There are a number of ways to deal with this. When dealing with text, the most popular is escaping. Many varients of CSV, along with HTML, XML, and most other text-based formats use some variant of escaping.

The simplest escaping technique is to choose an escape code point (where I'm sticking to my "code point" terminology; it would normally be called an "escape character"). This is used to virtually extend our code point set by saying "When you see this escape character, switch into another set of code points", or some variant of a statement like that. (The exact meaning varies from encoding to encoding.) The traditional escape code point in ASCII is the ASCII BACKSLASH, and I will stick with that.

In this case, we're going to use the escape code point to move some of the standard ASCII code points out of the way, so our new layered encoding can unambiguously use them. We will encode the ASCII values in our file into a new encoding, ASCII_in_CSV, that we define as "the things that can be output by the following procedure Value_to_ASCII_codepoints":

For each ASCII character in the input, consult the following table:
- If the character is the ASCII comma, add "\," (BACKSLASH COMMA) to the new encoded output.
- If the character is the ASCII newline, add "\n" to the new encoded output.
- If the character is the ASCII backslash, add "\\" to the new encoded output.
- For any other character x, add x to the new encoded output.
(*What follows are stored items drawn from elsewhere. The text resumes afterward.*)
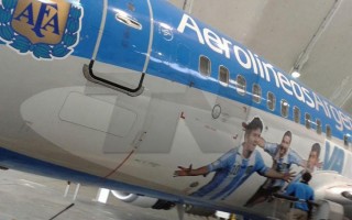 Avião da Argentina para o Mundial tem foto de Messi em destaque
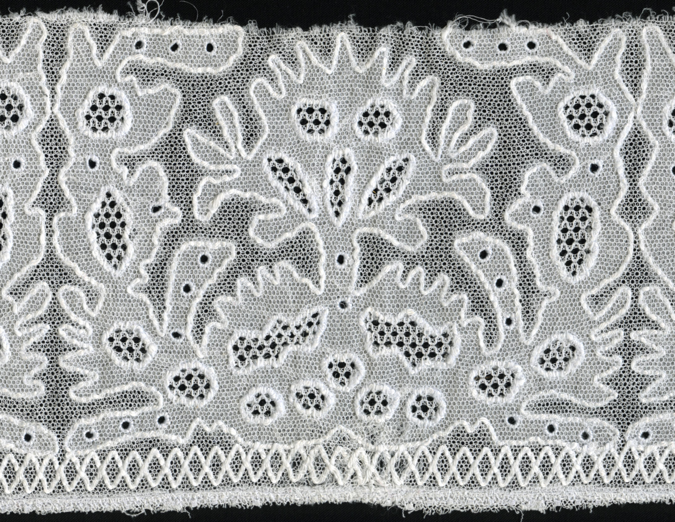 Pluumkant van geborduurde tule. De pluumkant bestaat uit twee lagen tule met daartussen motieven van een fijne witte stof. Rondom de motieven is met een dikke draad een contourlijn geborduurd. Op verschillende plaatsen zijn openingen gemaakt die zijn opgevuld met siersteken. De zogeheten pluumkant is een onderdeel van de Zuid-Bevelandse vrouwenmuts. Aan de 'achtermuts' van ...
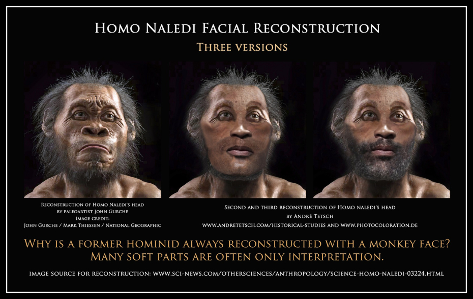 Gestern sah ich eine interessante Doku über die vermutliche Evolution des Menschen über einen langen Zeitraum, was nicht nur ich inzwischen als falsch empfinde. Es ging auch um einen Hominiden, der anthropologisch aus der Reihe tanzt…der Homo Nalepi. Von diesem wurden nur Schädelteile gefunden, wobei der vordere Gesichtsbereich (Nase, Jochbeine) fehlten.
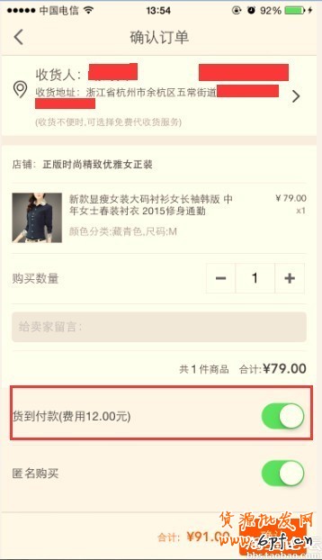 (手淘端貨到付款下單選項,在支付方式中展現。)

It is perfectly permissible for an encoding to be defined this way, as the legal output of some procedure. It is also perfectly permissible for an encoding to borrow another encoding's code points.

Now we can layer our encodings, so that what we have in a CSV file is:

A series of ASCII code points, encoded down into the next layer with Value_to_ASCII_codepoints (a function from a list of ASCII code points to a list of ASCII code points),
embedded into CSV (with the CSV delimiters still as their code points)
encoded into ASCII with CSV_to_ASCII, which is encoded down into the privileged codepoints.
which defines the complete encoding from the top-level, most-symbolic CSV file into pure bytes.

Or, in terms of functions (on a simpler input), we have defined a CSV_to_ASCII function, which converts a CSV file as so (using simpler data):

Value_to_ASCII_codepoints(["b", ","]) = ["b", "\", ","]
Value_to_ASCII_codepoints(["1"]) = ["1"]

which is encoded into the ASCII code points with CSV_to_ASCII:

CSV_to_ASCII([["b", "\", ","], VALUE_SEPARATOR, "1", ROW_TERMINATOR]) =
  ["b", "\", ",", ",", "1", NEWLINE]

which we then feed to the standard ASCII function to obtain the final encoding:

ASCII(["b", "\", ",", ",", "1", NEWLINE]) = [98, 92, 44, 44, 49, 10]

This may seem complicated, but it suffers none of the disadvantages of the previous two wrong answers. It represents all characters unambiguously and completely (at least for writing, solving the problem for reading is easy).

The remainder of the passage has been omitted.